Maintenant, et nous y revenons une dernière fois, que le choix démocratique aujourd'hui ait besoin, sur nombre de questions, d'informations scientifiques ou de moyens techniques, rien de plus évident; mais que ces nécessaires expertises soient déterminantes, rien de moins certain. Car si la science maintenant pose plus de questions qu'elle n'en peut résoudre et élimine plus de fausses réponses qu'elle n'en peut donner de vraies (et cela est déjà beaucoup), si la recherche scientifique nous a alertés sur le trou d'ozone, l'effet de serre, l'hiver nucléaire, pour s'en tenir à notre propos et... aux gros titres des journaux, c'est elle aussi qui se révèle incapable de conclure rapidement et assurément à l'étendue, aux causes et aux remèdes de ces dangers. Constatons ses limitations au lieu d'en attendre des miracles puis de lui reprocher son impuissance. L'illusion de l'expertise ainsi dissipée éloigne la tentation de "l'expertocratie", forme moderne du despotisme (prétendument) éclairé.
Donc, même et surtout parce qu'on lui en fournit les moyens, la technique ne permet pas de faire n'importe quoi: elle reste soumise aux lois naturelles, elle demeure tributaire des ressources disponibles et est limitée à un certain rythme d'évolution (en serait-elle pour autant... renouvelable?); comme le disait tout récemment, au dernier congrès AAPG à San Diego, John Masters, le découvreur du plus grand champ de gaz du Canada: Elmworth: "Technology has its role and I don't mean to diminish it -but the world is changed by dreamers" [167] .
Enfin, il est plus que jamais nécessaire de réfléchir sur la rationalité et (ou) la pertinence des démarches scientifiques (ou supposées telles) et plus précisément de celles des "technosciences" et partant, de leur pouvoir [168]: l'homme sait maintenant qu'il est seul face au monde et surtout face au savoir qu'il en a [169].

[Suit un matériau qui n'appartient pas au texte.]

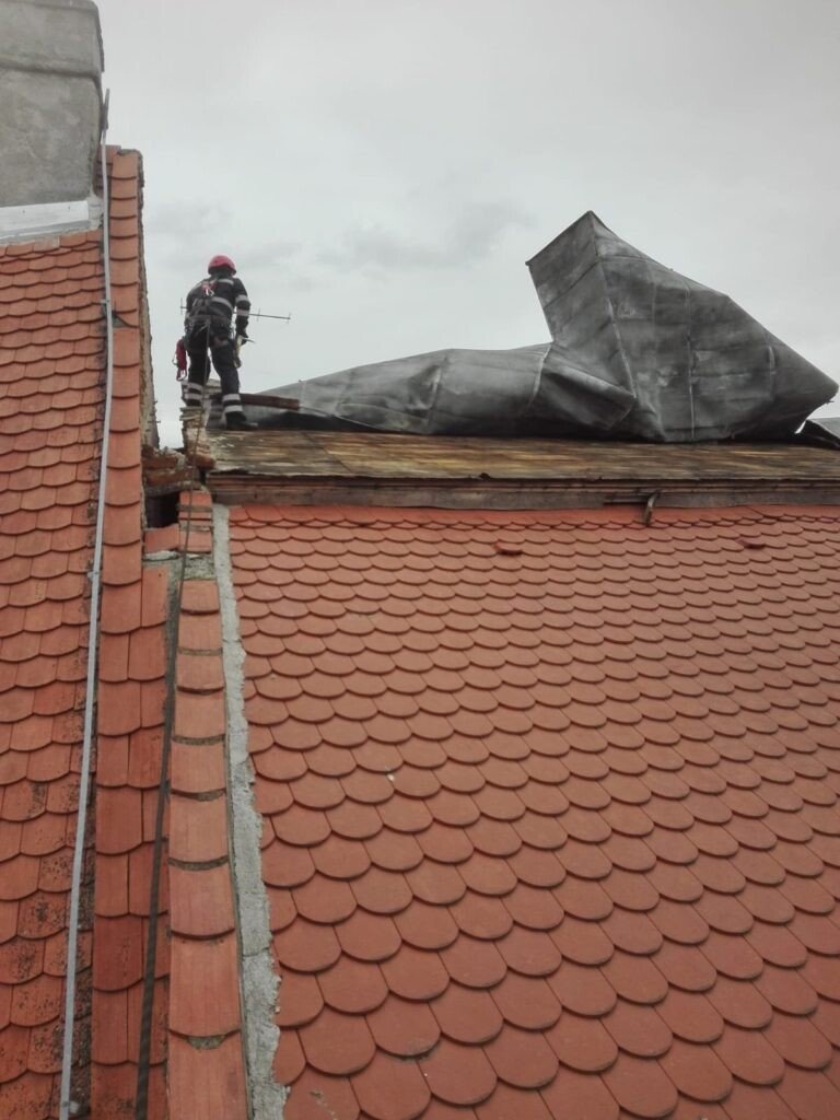 ISU Sibiu intervine de urgență cu un echipaj de pompieri militari și autospeciala de salvare de la înălțime în municipiul Sibiu, zona str. Nicolae Bălcescu pentru îndepărtarea unei suprafețe de tablă de pe acoperișul unui imobil care prezintă pericol de desprindere din cauza condițiilor de vânt puternic existente.

Une sorte de "nouvelle alliance" est donc nécessaire, qui doit s'établir entre le scientifique et l'humaniste, le premier sachant qu'íil doit se montrer attentif à d'autres valeurs que les siennes. La certitude que le savoir [170] est avant tout humain nous aidera à affirmer que les retombées du pouvoir (technologique et... politique) se font sur l'homme et son milieu même: on réalisera ainsi qu'aujourd'hui, les dégâts et les risques liés à l'augmentation de la production et de la consommation d'énergie dépassent trop souvent les avantages qu'on en retire: par exemple, sommes-nous réellement conscients qu'en augmentant les moyens de production, nous augmentons proportionnellement le facteur risque (partant du principe qu'«on ne fait pas d'omelette sans casser des oeufs»)?. Nous voyons donc bien que la problématique de l'énergie n'est pas qu'un problème... d'énergies: «Sans énergies, pas d'énergie!» (Fondation Energies pour le Monde); cela montre aussi la nécessité de "l'irruption" de l'écologie, au sens le plus large, dans l'économie; en matière d'énergies alternatives bien sûr, mais également et même surtout en matière sociale: en termes de savoir-faire, d'emplois nouveaux [171], de pratiques nouvelles, du fait de la montée de l'éthique en "avant-scène"; étant créée par l'humain, toute dimension économique n'a-t-elle pas une dimension éthique?